一人っ子は親の愛情を一身に受けるので自己中心になりやすいと言われますが、親に対する『責任』(親との間でのあらゆる面倒なこと)も一身ということをこの年になってひしひしと感じます。ある介護の本に、姉妹で病気の母親をタライ回し、という例が出ていましたが、『そらみろー』と、鬼の首取ったように大声で笑ってやりたいと思いました。それから、兄弟で争ったりすることがないから闘争心がない、とはよくいいますがそれは日常生活でその必要がないだけで何かあったらぶっちぎりの闘争心を見せるのも兄弟のいる人には想像がつかないと思います。徒党を組んで親に反逆する可能性のある『兄弟』とその可能性の全くない一人っ子をいっしょくたにして人間性や社会性の優劣を論じられてたまるか、ということです。
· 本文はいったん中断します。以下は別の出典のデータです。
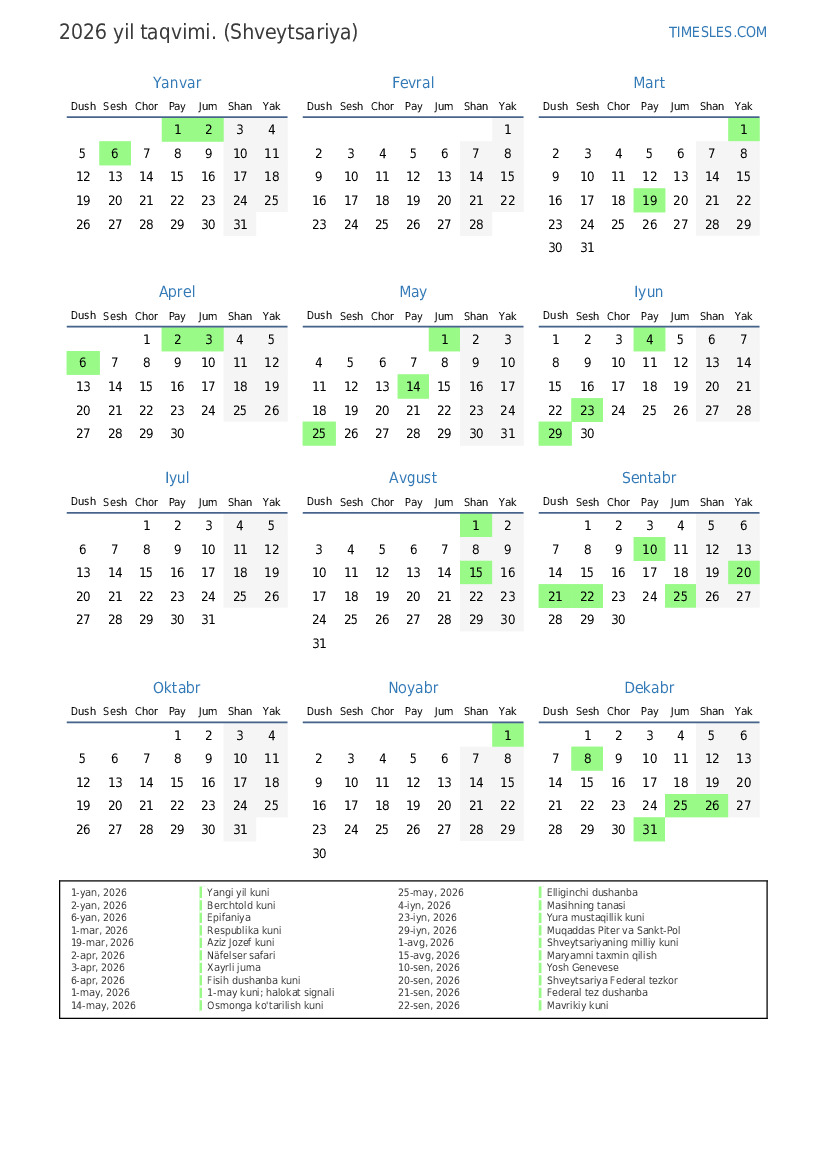 1-avg, 2026 Shveytsariyaning milliy kuni

一人っ子という言葉をこの世からなくしたい、というのは『ひとりごと』とか『独り芝居』、とかいうように、一人とつくものは『2人以上が普通』という意味なのでもとから兄弟のいない者には全く理解できないはずの言葉を押し付けられているように感じるからです。
  1. 2010/06/26(Sat) 14:51:12 |
  2. URL |
  3. うさぎぴょん #8BVVCO5Y
  4. [ 編集 ]

はじめまして、うさぎぴょんさん。

コメントを寄せて頂いてありがとうございました。

>『ひとりごと』とか『独り芝居』、とかいうように、
>一人とつくものは『2人以上が普通』という意味なので
>もとから兄弟のいない者には全く理解できないはずの言葉を
>押し付けられているように感じるからです。

はい。よく分かります。
うさぎぴょんさんが感じてしまうような「抑圧」を
この社会のなかで「ひとりっこ」に限らず大勢が受けています。

たとえばシングル親の家族であったり(親2人が標準とされているため)、
ジェンダーマイノリティの方々であったり(この世には男と女しかいないと思いこまれているため)
挙げれば全くキリがありません。

この記事は、当初、ひとりっこ以外の人への申し立て・・・は目的とはしていませんでしたが、
私と同じように一人っ子として生きている方のなかには、そこまで強烈な抑圧を実感している人も
居ると知るよい機会になりました。

私たちの社会は”標準”を決めたがるのが好きですね。
それは時に「社会的秩序や規範」にさえなります。
何故かと言えば、それがあると考えずに済むので何かとラクだからなのかもしれません。
ある意味では、私たちはみな無意識のうちにもその枠組みの
恩恵のなかにいるのかもしれません。

ただ、その基準とか標準は何を根拠に支えられているのかと言えば確固たる根拠はなく、
「だいたい多くのひとはこうある筈だ」といったような人々の<まなざし>だけが基盤です。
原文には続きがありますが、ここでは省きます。